Некоторым нужна разовая вещь.
Скажем, Николаю, мужчине слегка поддатому, понадобились "штаны, которые я завтра убью".
– Ну, по работе... Идём с мужиками... Задание... Я токарь. И охотник. Где я только не охотился. Недавно застрелил козла с тремя рогами. Вот такой рог! И знаешь из чего? Из пневматического ружья. Вот никто не верит, – размахивает руками токарь-охотник, пока я показываю ему немаркие брюки из прочной ткани, которые не жаль "убить".
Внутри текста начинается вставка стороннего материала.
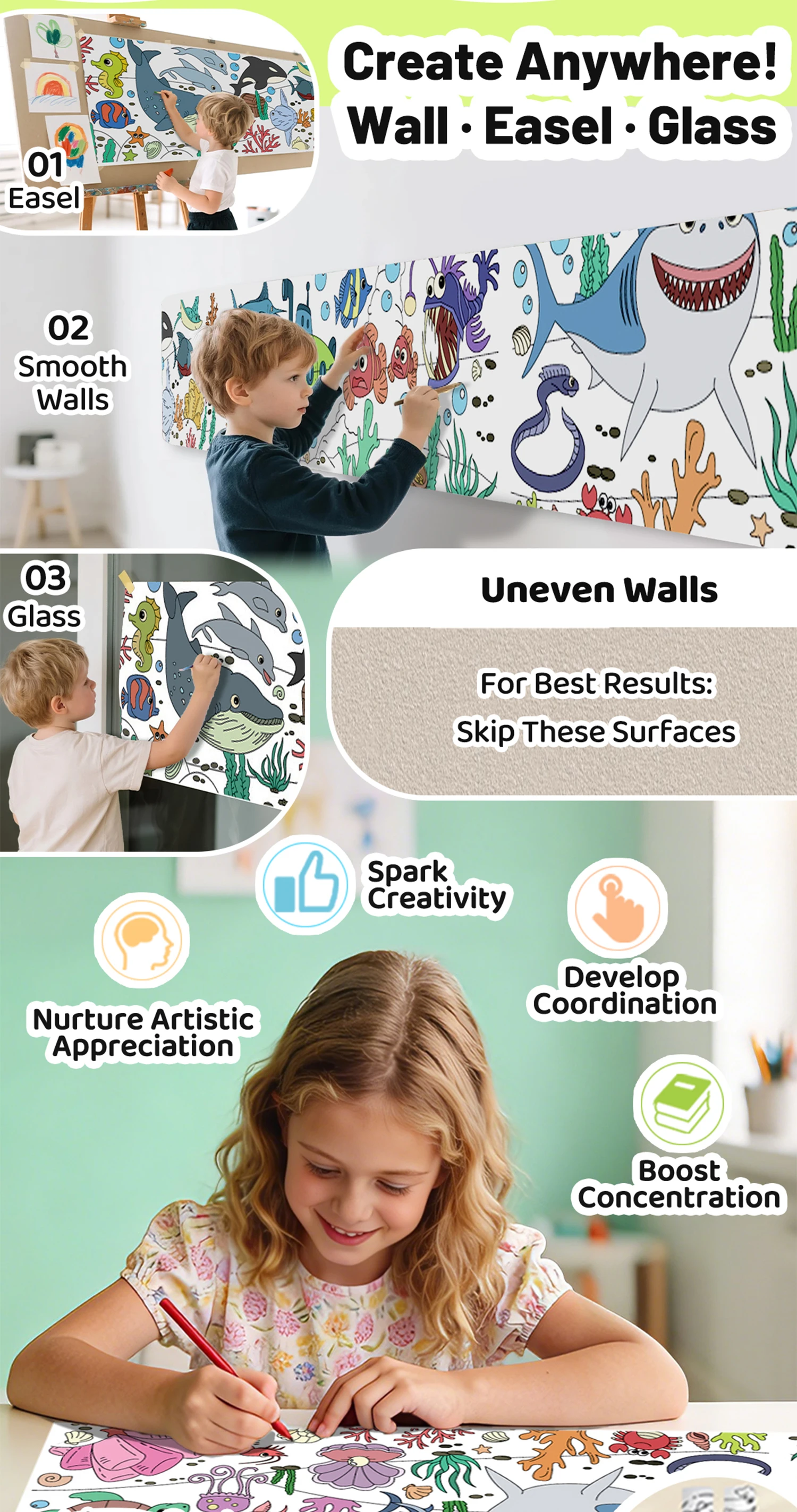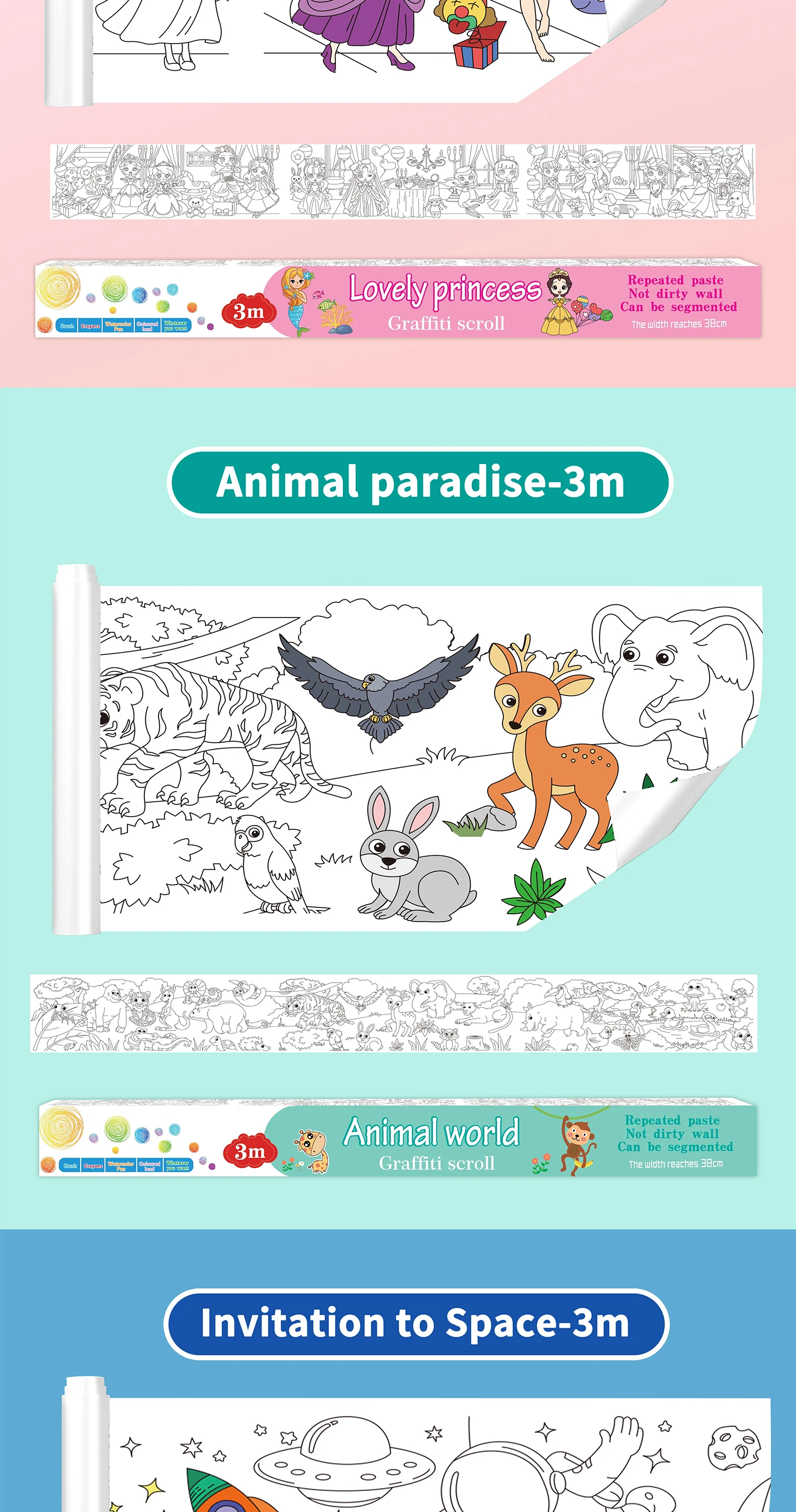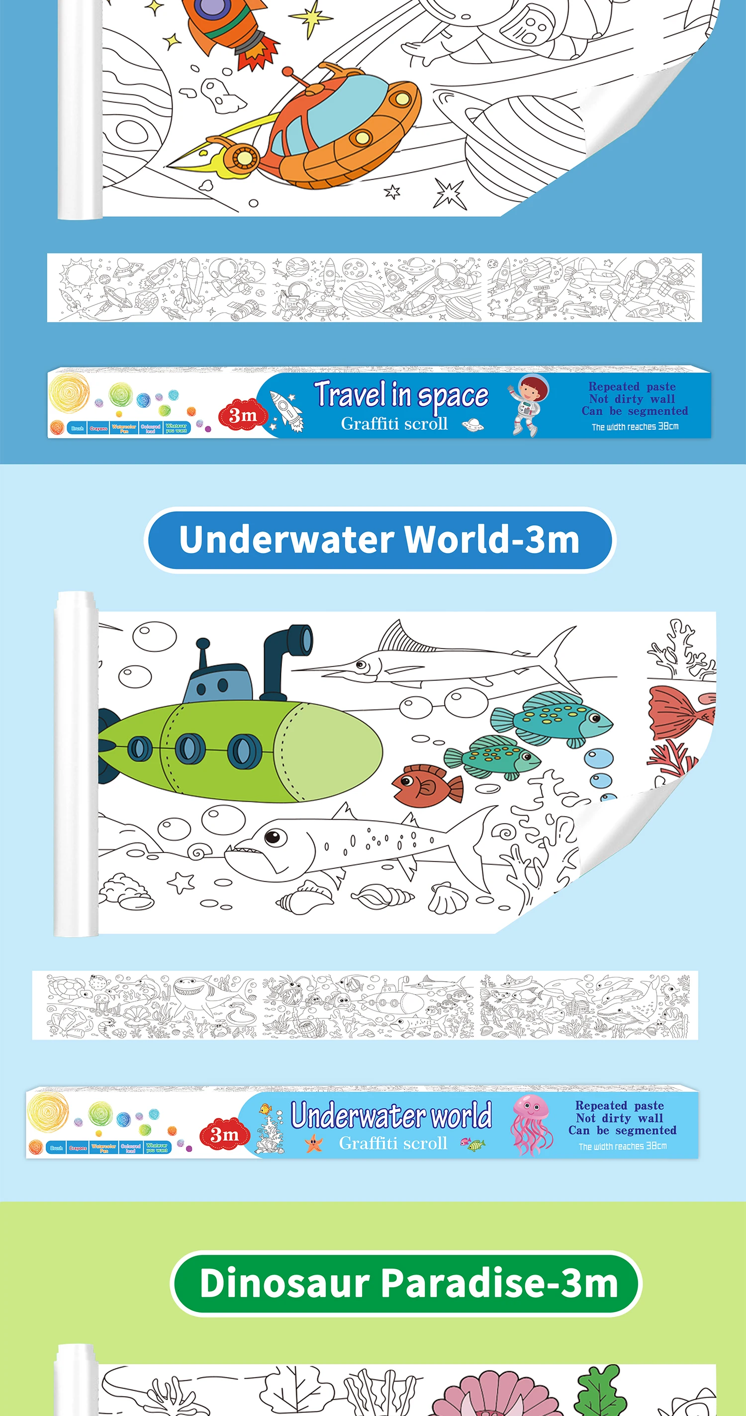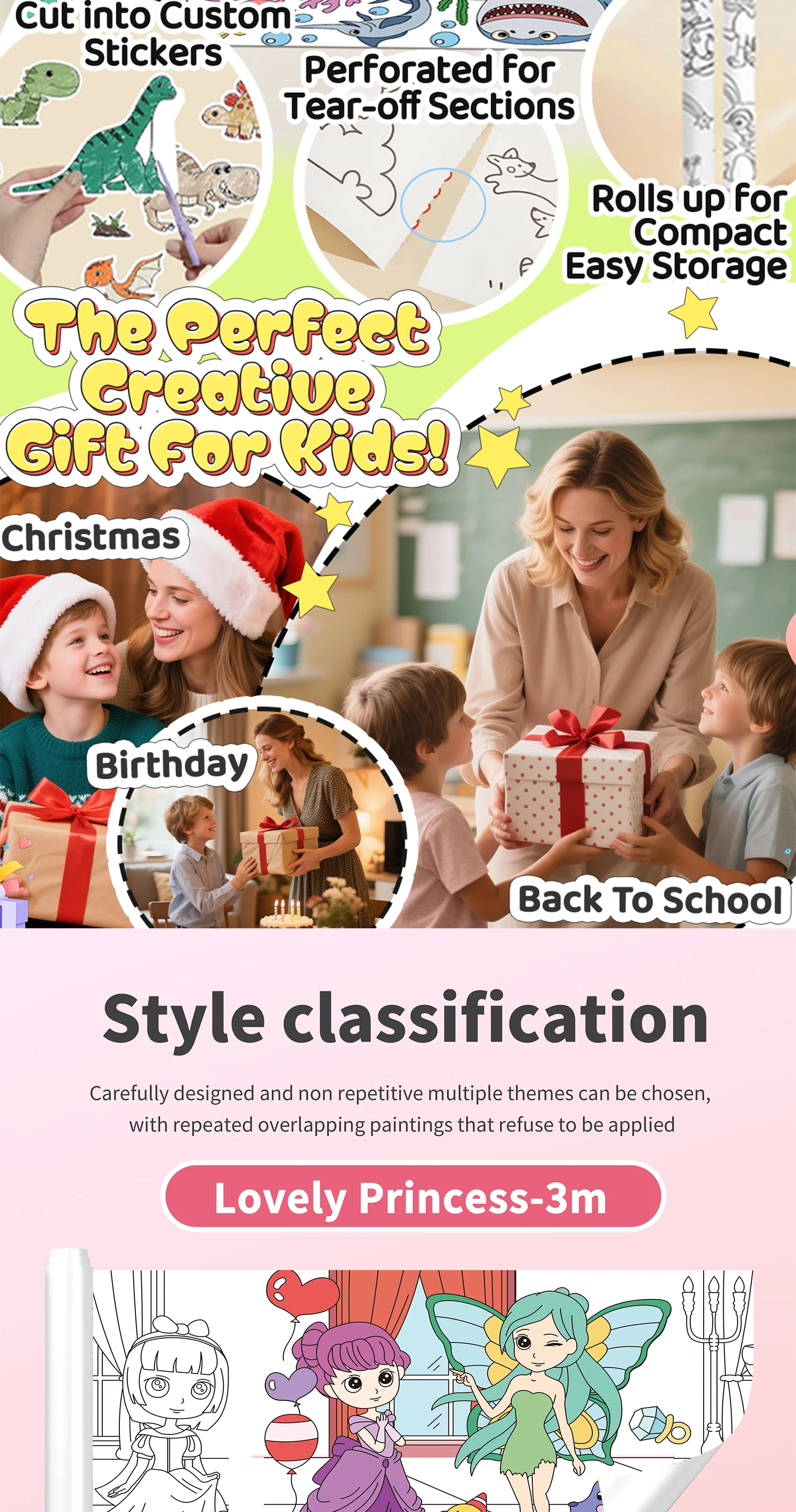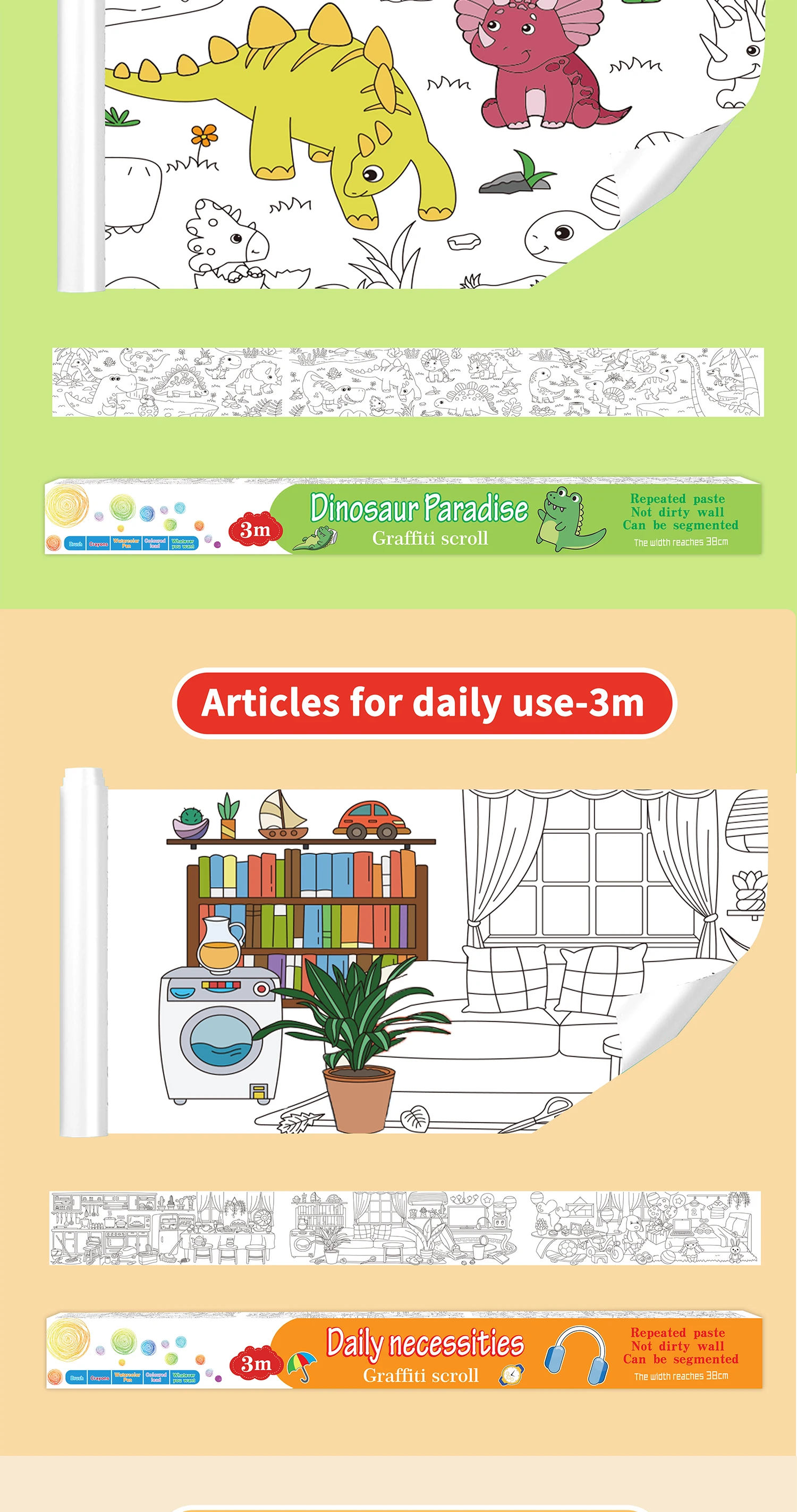 118 ” X 15 ” Sticky Giant Coloring Rolls for Kids, Perforated for Easy Tearing, DIY Paper Roll, Drawing Roll Paper for Kid

Говорить, что Николай "типичный покупатель", было бы неправдой. Здесь все выглядят по-разному: кто-то стильно, кто-то элегантно, кто-то модно, но большинство – просто обычно.
Отдельная категория покупателей – это охотники за дорогими брендами а-ля Ralpf Lauren, Lacoste, Valentino.
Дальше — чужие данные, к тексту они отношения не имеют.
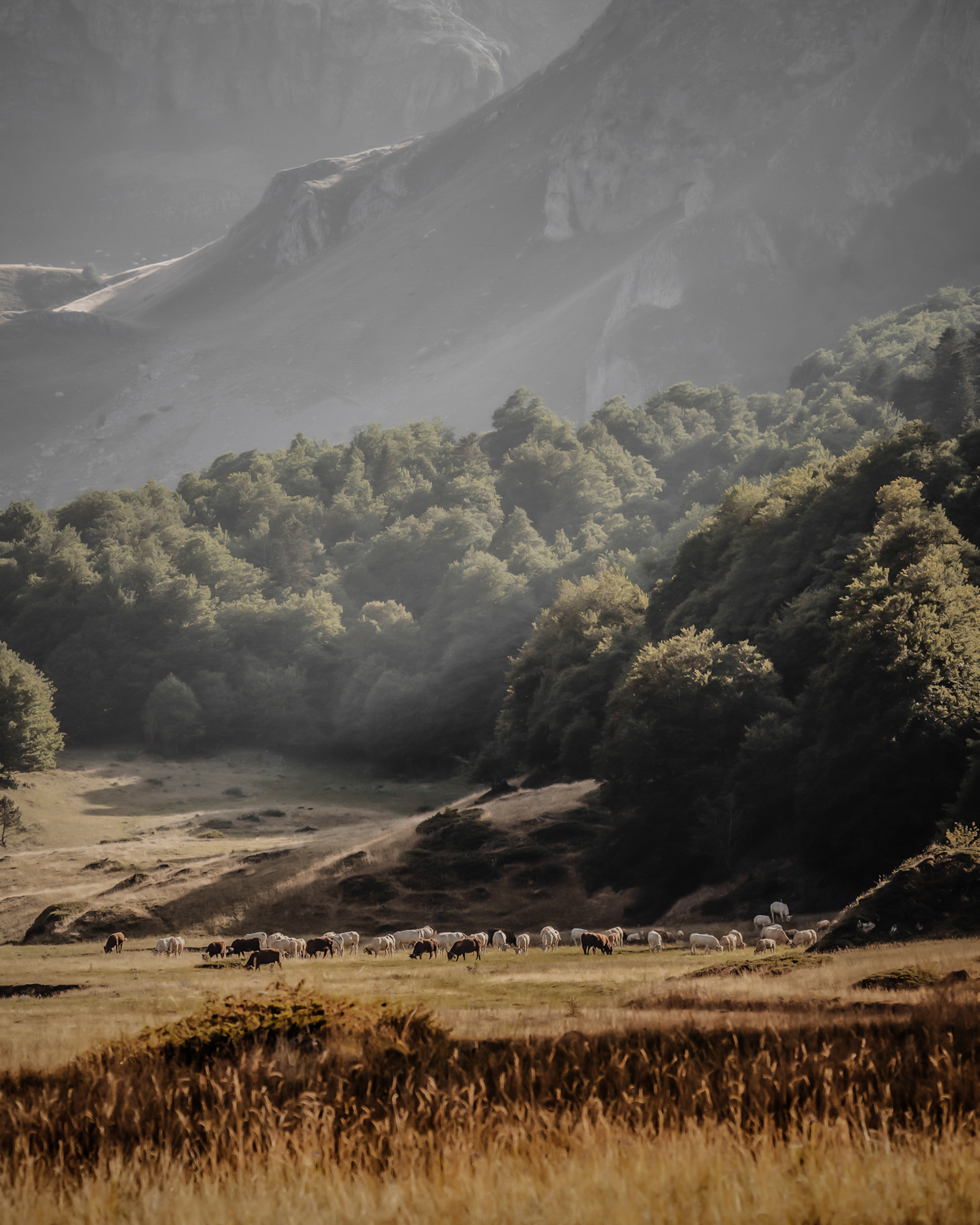 Już na samym początku trekkingu, minęła nas swobodnie spacerująca grupa dzikich koni. Nie sądziłam, że jeszcze gdzieś w zachodniej Europie spotkam taki widok. Z każdym kolejnym metrem Pireneje otwierały się coraz bardziej. Wokół nas ogromne przestrzenie podświetlone miękkim, ciepłym, popołudniowym światłem, a pomiędzy nimi stada zwierząt. I cisza przerywana tylko odgłosami drapieżnych ptaków, a po zmroku konia skubiącego trawę tuż obok naszego namiotu. Prawdziwe królestwo natury.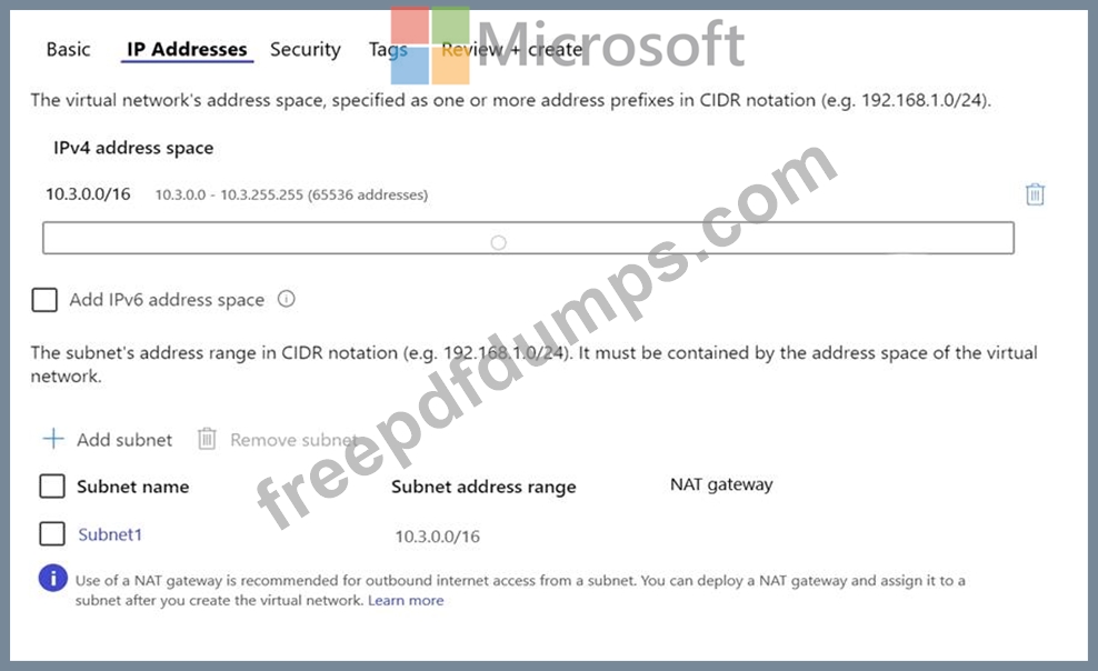 The IP Addresses settings for Vnet1 are configured as shown in the exhibit.

Такие приходят в пятницу – когда вывешивают новый товар.
– Я себе здесь купила куртку Prada за 450 гривен, абсолютно новую, – делится со мной опытом одна из покупательниц. – Я теперь только на сэконд хожу.
– Сюда даже ведущие с телевидения приходят, – кивает Карин.
– Кто, например? – удивляюсь.
– Забыла фамилию. Я сама не видела. Так говорят. Но такие "модные" больше всего воруют. Ты следи, чтобы не было пустых вешалок. И чтобы в примерочную брали с вешалками. А то многие надевают, и уходят. Маша таких ловила.
Я, наконец-то, понимаю, в чем заключается смысл нашей работы. Мы – надзиратели. Следим, чтобы покупатели ничего не умыкнули.
С этим на сэкондах, как я позже выясняю, прямо беда.
– У нас ещё район специфический, – придаёт лицу говорящее выражение Татьяна Васильевна, управляющая сэкондом на Нивках, куда я также прихожу "устраиваться на работу". – Святошино, Борщаговка, Нивки. Ну, если вы отсюда, то вы сами все понимаете. Я уже некоторых в лицо знаю. Прямо вот рядом иду с ним, и он понимает, почему я с ним иду. Дрыщ такой, а вещи берет XXL. Понятно же, для чего. Мы потом даже на ценниках кровь обнаруживаем. Это они в примерочной зубами пытаются оторвать от вещи магнитную клипсу.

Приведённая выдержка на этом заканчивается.